Submitted by cypriane on Thu, 2006-08-31 12:40

Dr. X's nurse called this morning to discuss the results of Steve's heavy metals/toxins urine test.  She said Dr. X describes his concentrations as a "severe burden."  Out of the 15 substances he was tested for, he is positive for 11.  Of those 11, he is particularly elevated for 2:  mercury and antimony.
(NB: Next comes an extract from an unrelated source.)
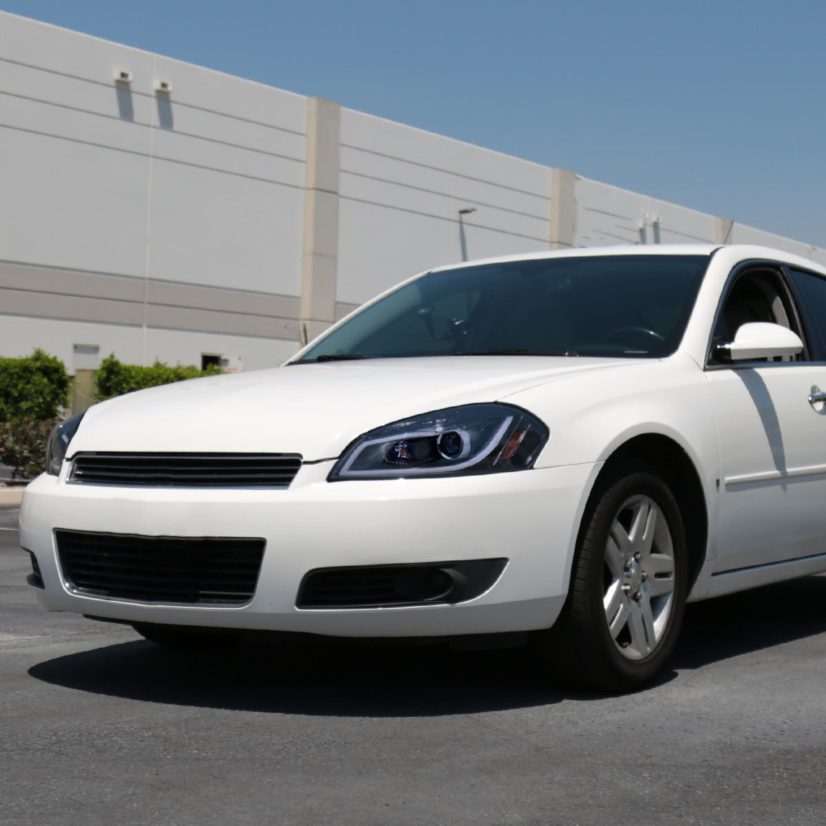 Ronnin - Fits 2006-2016 Chevy Impala 2006-2007 Chevy Monte Carlo Upgrade LED Running Light Tube Projector Headlights Assembly Pair | Black Smoke

As soon as the recommended agent (Chelex) arrives, he will start on a half dose (1 cap) every other day for six weeks: then he will take a full dose every other day until the bottle is empty.  That will take about 4 months.  After that, he will wait 6 weeks and have a new test.  If the mercury level is not being reduced as it should, "silver" filling removal will be discussed.  While the chelation is in progress, he can only take his mineral supplements on the days when he is not taking the Chelex.  That includes exclusion of any supplements containing incidental minerals...that's a tough one.  Calcium and magnesium are in many of the supplements he takes whether they need to be or not.  He is also supposed to add Caprylllic acid to his regimen during the chelation.

Irresponsible Blogging

Submitted by cypriane on Wed, 2006-08-23 21:12

It was me.  I did it today on Pink's "NAC and mercury" thread.  The intent was good, but I fell into a trap so old and common, I certainly should have known better and should have seen it coming.  I'm chastising myself publicly for the good of this site...this could happen to others and it shouldn't happen on cpnhelp.org.  It was so fast and easy, I didn't even recognize that I had succumbed to a temptation. 
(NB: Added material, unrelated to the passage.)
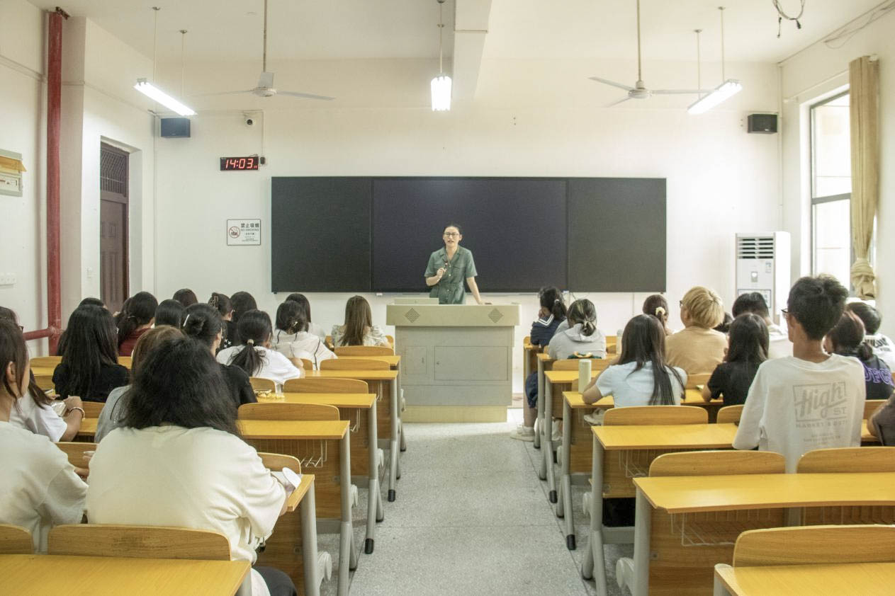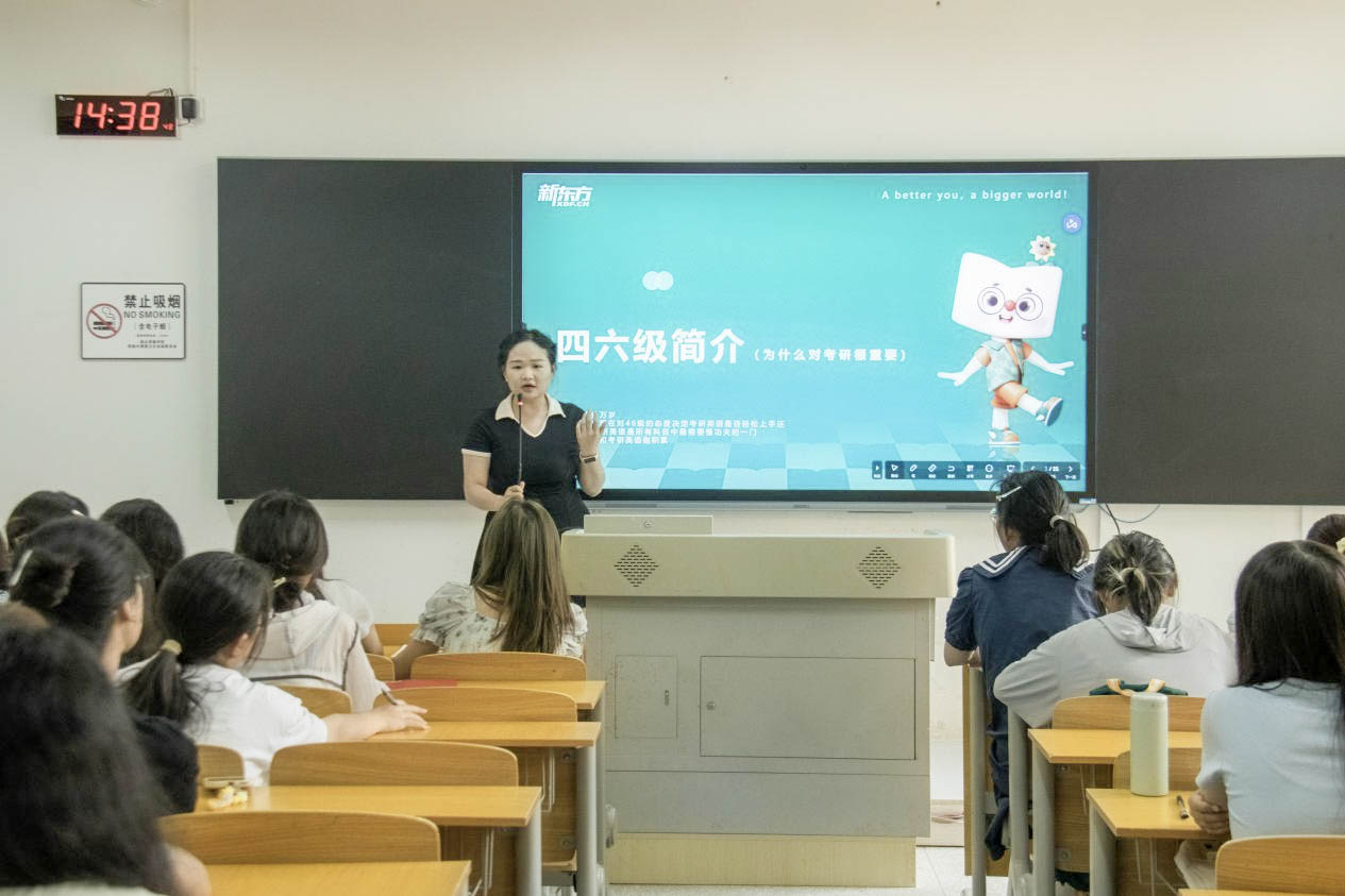课堂伊始,向淼老师为新生推荐了核心书单,并介绍了“三步走”阅读法(沉浸故事、细读语言、批判思考),帮助他们从语言学习者过渡到文学鉴赏者。随后,刘永莉老师阐明了文学阅读的多重价值:为论文写作奠基、理解社会人性、提供精神力量,解答了“英语专业学什么”的核心问题。最后,新东方老师梳理了四六级、专四专八与考研的关系,解析了学硕、专硕的区别并给出择校建议,帮助新生从大一起科学规划学业与未来发展。

I wrote that a well-respected doctor "said" something, and then I paraphrased what he said.  In my attempt to convey the idea in the fewest words possible, I put an unintended spin on the actual statement.  Using the words "say," "says," or "said" should always throw up a caution flag.  Of course, the best thing to do is to provide a link to the actual source, make a direct and accurate quote, or provide some sort of "signpost" to the source of the information.  The physicians, scientists, researchers, theorists, and academics who put the information out there for consumption deserve that consideration.  A much greater consideration, though, is the possible effects on each other of what we blog.  Users of this site sometimes act on the information provided to them by other users.  It's a sobering thought.